### RECORD EXCERPTS
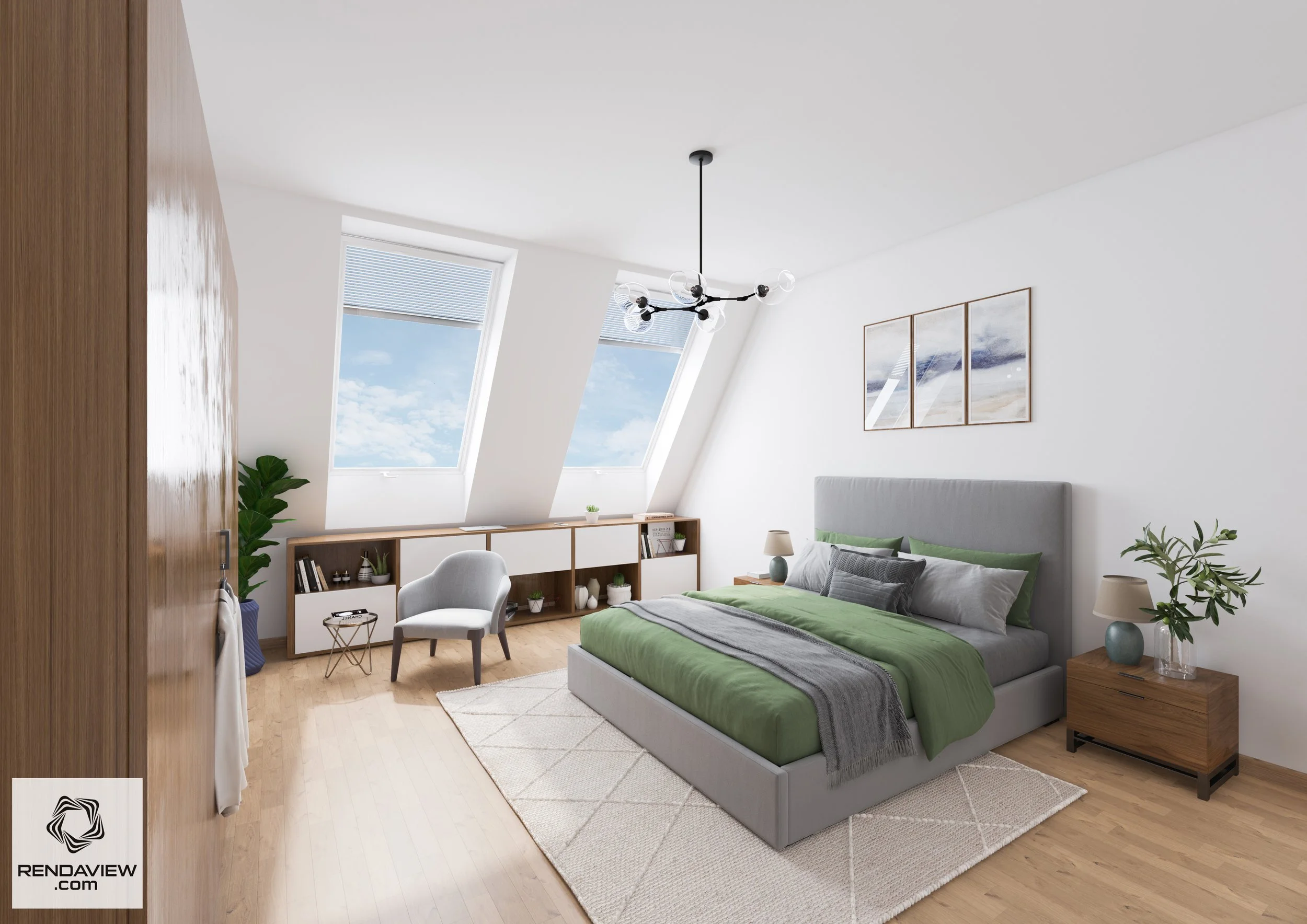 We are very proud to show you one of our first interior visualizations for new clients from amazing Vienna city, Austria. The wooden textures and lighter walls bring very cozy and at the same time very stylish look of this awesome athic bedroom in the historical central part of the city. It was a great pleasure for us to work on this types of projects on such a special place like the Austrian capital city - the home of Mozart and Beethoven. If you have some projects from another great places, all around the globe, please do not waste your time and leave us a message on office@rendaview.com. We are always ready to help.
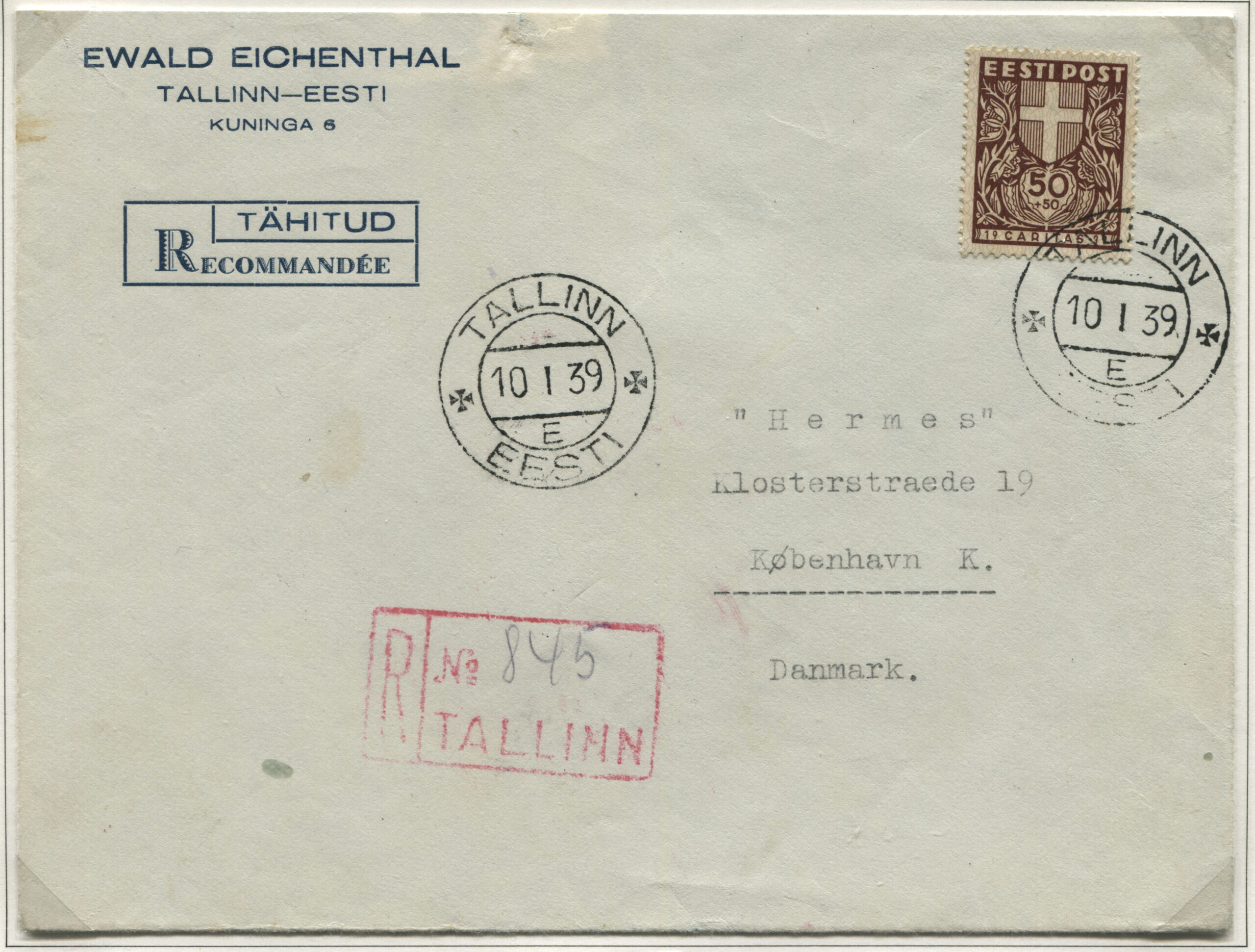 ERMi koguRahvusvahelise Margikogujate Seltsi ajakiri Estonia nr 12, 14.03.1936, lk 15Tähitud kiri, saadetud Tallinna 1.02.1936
######
### RECORD EXCERPTS
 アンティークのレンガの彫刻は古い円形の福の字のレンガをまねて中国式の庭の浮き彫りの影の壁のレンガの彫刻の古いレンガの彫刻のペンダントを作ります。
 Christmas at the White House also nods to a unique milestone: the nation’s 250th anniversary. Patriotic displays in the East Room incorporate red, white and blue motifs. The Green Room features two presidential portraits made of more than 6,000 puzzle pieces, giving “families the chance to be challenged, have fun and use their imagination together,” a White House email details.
######
(INSTRUCTIONS FOR THE TASK)
Transcribe the records above from the line holding "アンティークのレンガの彫刻は" down to the line holding "Christmas at the", inclusive, without adding anything.

(SOLUTION TO THE EXERCISE)
 アンティークのレンガの彫刻は古い円形の福の字のレンガをまねて中国式の庭の浮き彫りの影の壁のレンガの彫刻の古いレンガの彫刻のペンダントを作ります。
 Christmas at the White House also nods to a unique milestone: the nation’s 250th anniversary. Patriotic displays in the East Room incorporate red, white and blue motifs. The Green Room features two presidential portraits made of more than 6,000 puzzle pieces, giving “families the chance to be challenged, have fun and use their imagination together,” a White House email details.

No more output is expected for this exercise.